> [INFORMATION SUPPLIED]:
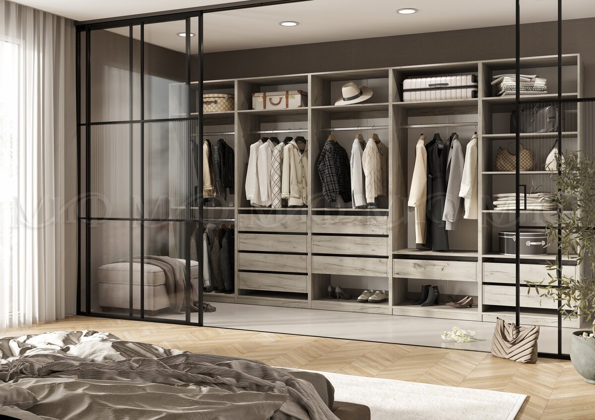 Артикул: A65015Гардеробная/шкаф 2200*1706 мм Ларго №3 дуб крафт серый/кашемир (Миф)
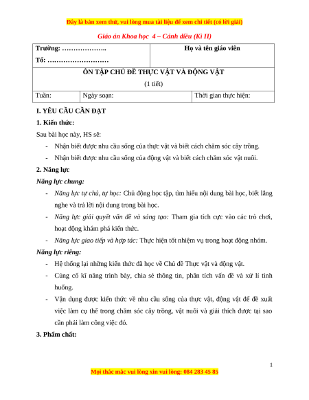 Bộ giáo án Khoa học lớp 4 Cánh diều được cập nhật liên tục trong gói này từ nay đến hết tháng 3/2024.
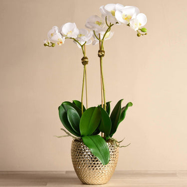 تشكيلة الفردوس من بلومر تجمع بين الطراز العصري والذوق الملكي الرفيع في تشكيلة من زهور الأوركيد الصناعية البديعة مجتمعة داخل مزهرية ذهبية على شكل أناناسة، لتضفي على منزلك لمسة أنيقة وغير متكلفة. يمكنك استخدام هذه التشكيلة في تزيين الحمام، أو غرفة المعيشة، أو ردهة منزلك، ليتلقى ضيوفك ترحيباً مثالياً. زهورنا تصنع من أجود الخامات، على أيدي منسقي زهور متخصصين بحسب الطلب، وتتميز بلمس ومظهر مماثلين للزهور الطبيعية.
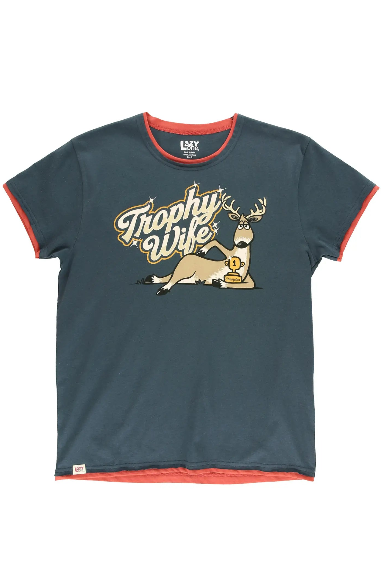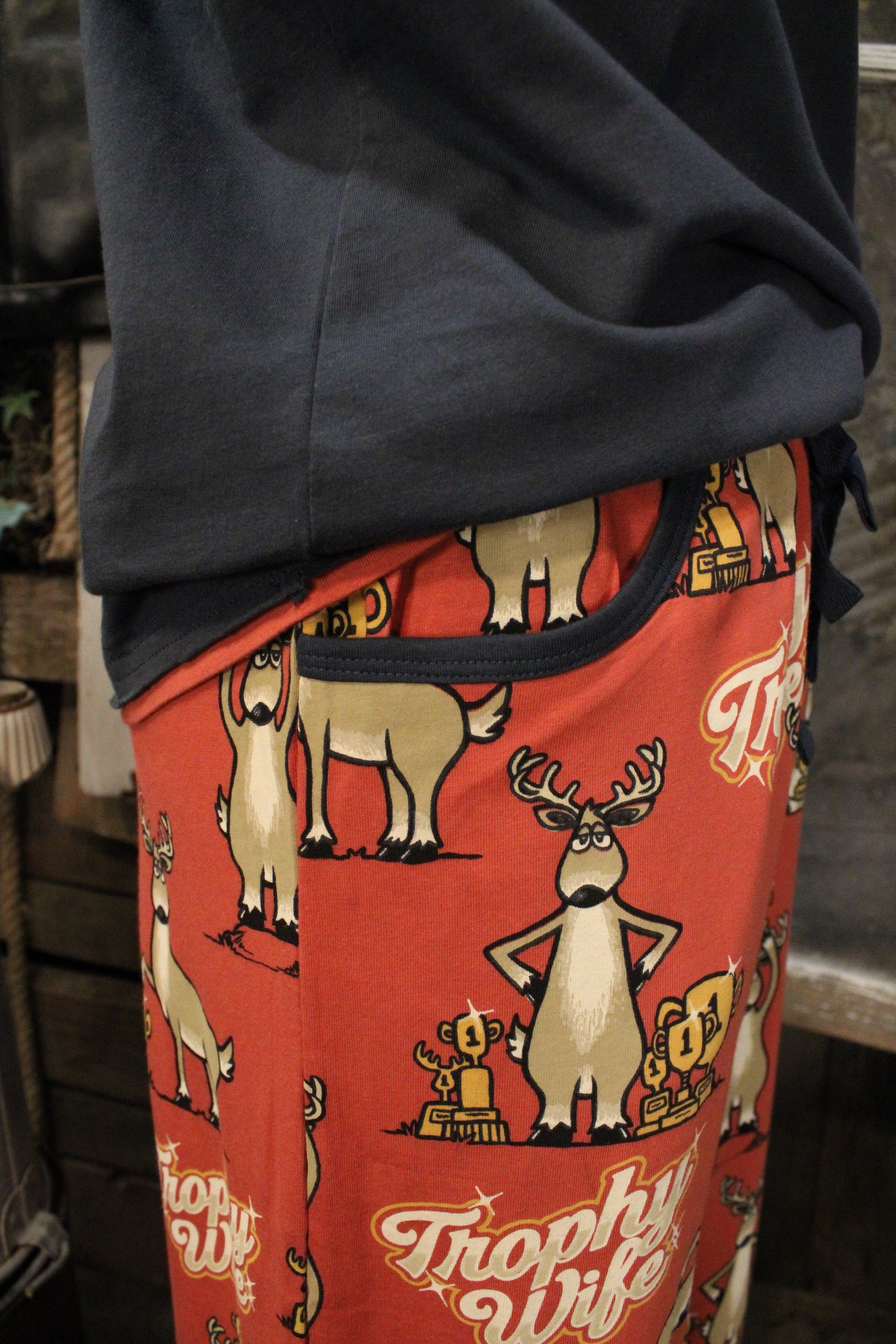 Introducing the Trophy Wife Cotton Pajama Set - This playful pajama set is made for cozy nights and slow mornings with a whole lot of personality. Featuring a matching graphic tee and pajama pants, it brings a fun western twist to your bedtime routine. The tee offers a relaxed, comfortable fit with a bold “Trophy Wife” graphic front and center, while the coordinating pajama pants feature an allover print that keeps the look lighthearted and fun.
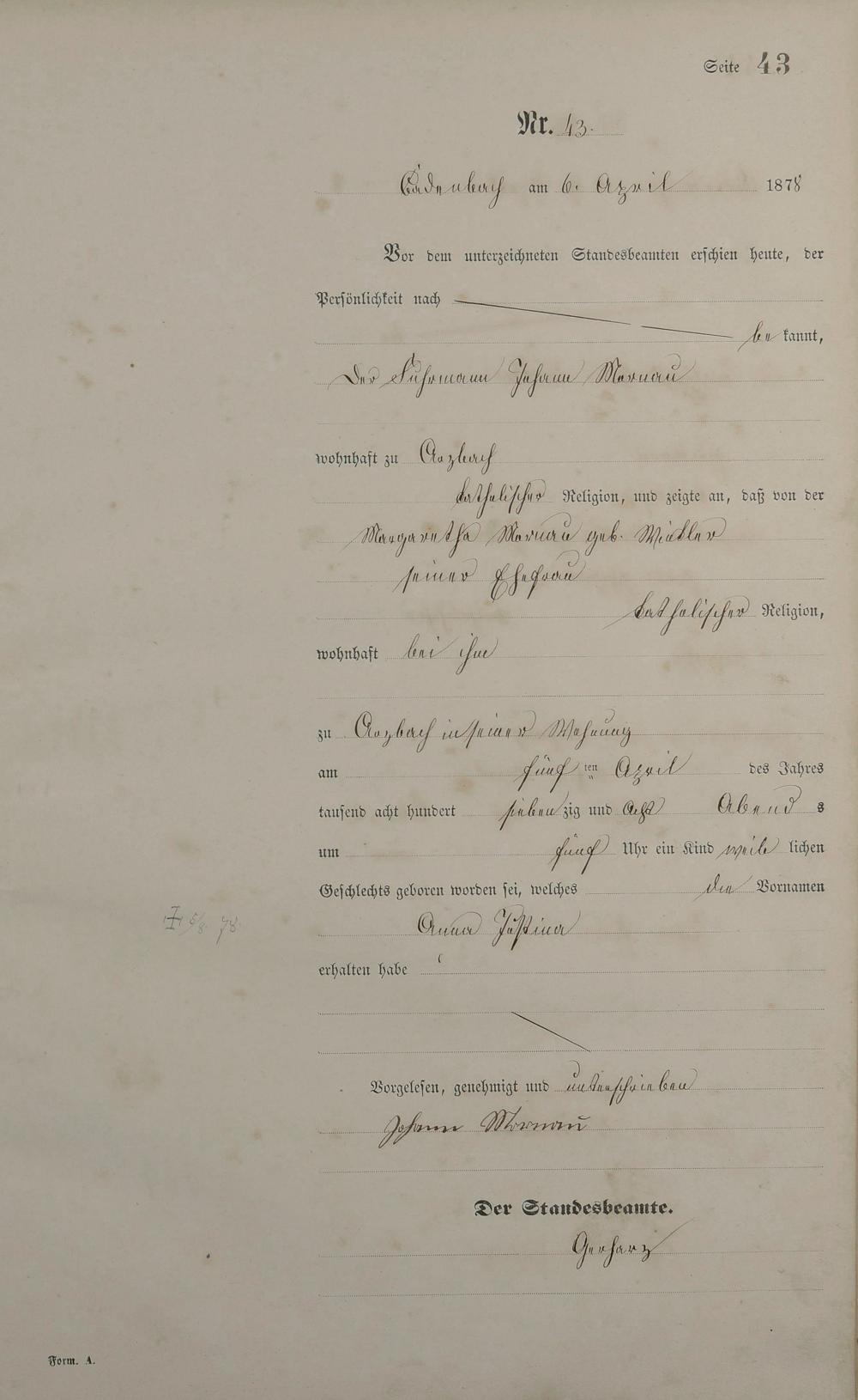 Geburtsregister 1878

> [WHAT IS NEEDED]:
With the pictures excluded, restate word for word each line from the one that contains "Bộ giáo án Khoa" through the last line of the listing above.

> [ANSWER SECTION]:
 Bộ giáo án Khoa học lớp 4 Cánh diều được cập nhật liên tục trong gói này từ nay đến hết tháng 3/2024.
 تشكيلة الفردوس من بلومر تجمع بين الطراز العصري والذوق الملكي الرفيع في تشكيلة من زهور الأوركيد الصناعية البديعة مجتمعة داخل مزهرية ذهبية على شكل أناناسة، لتضفي على منزلك لمسة أنيقة وغير متكلفة. يمكنك استخدام هذه التشكيلة في تزيين الحمام، أو غرفة المعيشة، أو ردهة منزلك، ليتلقى ضيوفك ترحيباً مثالياً. زهورنا تصنع من أجود الخامات، على أيدي منسقي زهور متخصصين بحسب الطلب، وتتميز بلمس ومظهر مماثلين للزهور الطبيعية.
 Introducing the Trophy Wife Cotton Pajama Set - This playful pajama set is made for cozy nights and slow mornings with a whole lot of personality. Featuring a matching graphic tee and pajama pants, it brings a fun western twist to your bedtime routine. The tee offers a relaxed, comfortable fit with a bold “Trophy Wife” graphic front and center, while the coordinating pajama pants feature an allover print that keeps the look lighthearted and fun.
 Geburtsregister 1878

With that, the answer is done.